The 11 convicts were convicted by a sessions court in Mumbai in 2008 under Sections 302 (punishment for murder) and 376(2)(e) and (g) (committing rape when the woman is pregnant and gang rape, in the then unamended version of Section 376), read with Section 149 (unlawful assembly) of the Indian Penal Code, 1860.

The trial was shifted from Gujarat to Maharashtra pursuant to the Supreme Court’s direction, issued in 2004.

The court had also directed the CBI to investigate Bano’s case and shift the trial to Maharashtra to ensure a fair trial.

The conviction was subsequently upheld by the Bombay High Court and, later, by the Supreme Court.

However, the 11 convicts in the Bilkis Bano case were granted remission for “good behaviour” by the Gujarat government on August 15 last year, which resulted in their release after 15 years of imprisonment that involved multiple paroles and furloughs.

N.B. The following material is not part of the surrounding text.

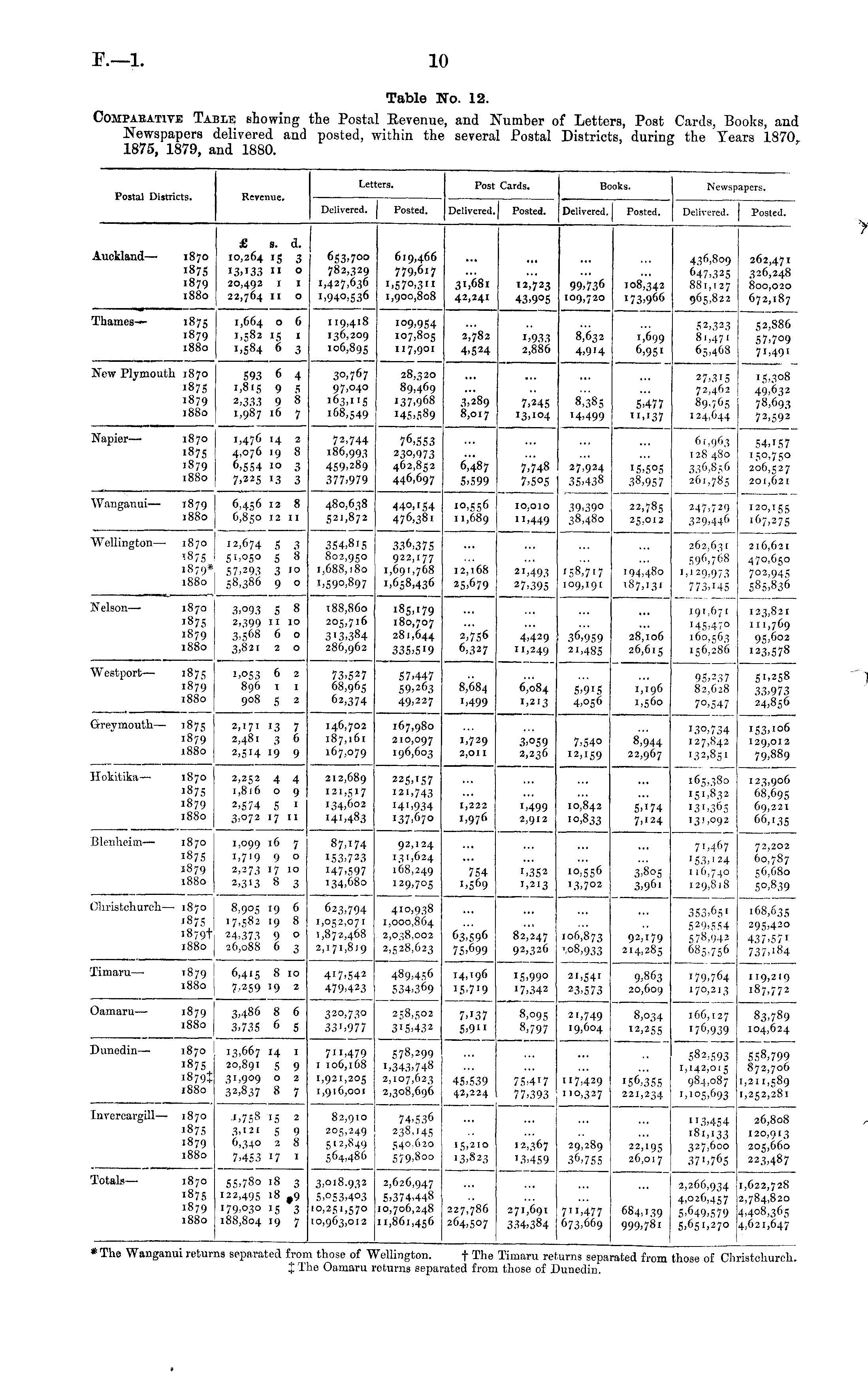 Table No. 12. Comparative Table showing the Postal Revenue, and Number of Letters, Post Cards, Books, and Newspapers delivered and posted, within the several Postal Districts, during the Years 1870, 1875, 1879, and 1880.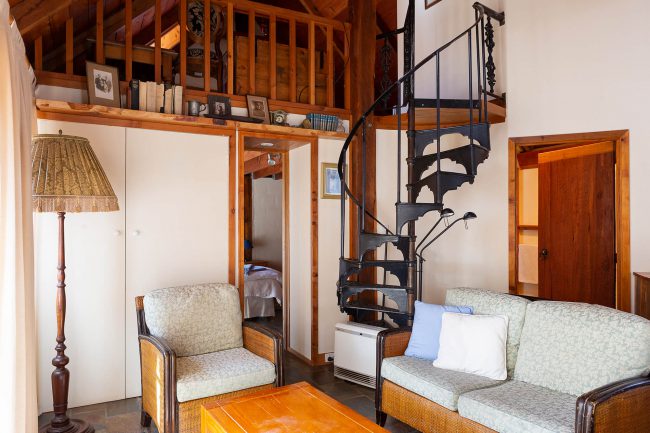 In The Barn you can climb the spiral staircase to the mezzanine bedroom with queen size bed and attic windows, or you may choose to stay downstairs and enjoy a separate bedroom with en-suite bathroom and double spa.

Gupta submitted that the May 13 judgment of the court was not in line with the binding precedent of the five-judge Constitution Bench of the Supreme Court in Union of India versus V. Sriharan @ Murugan & Ors (2015).

In Sriharan, the court had interpreted Sections 432 (power to suspend or remit sentences) and 433 (power to commute sentence) of the Criminal Procedure Code, 1973.

The court had held, “[E]ven if an offence is committed in state A but the trial takes place and the sentence is passed in state B, it is the latter state which shall be the appropriate government.”

Today, Justice Nagarathna sought to know whether the Sriharan judgment had been placed before the Bench which had passed the Order holding Gujarat government to be the “appropriate government” in the case.

In response, Gupta said that the judgment was placed before the Bench, to which the Bench had stated that it was not applicable in the present case.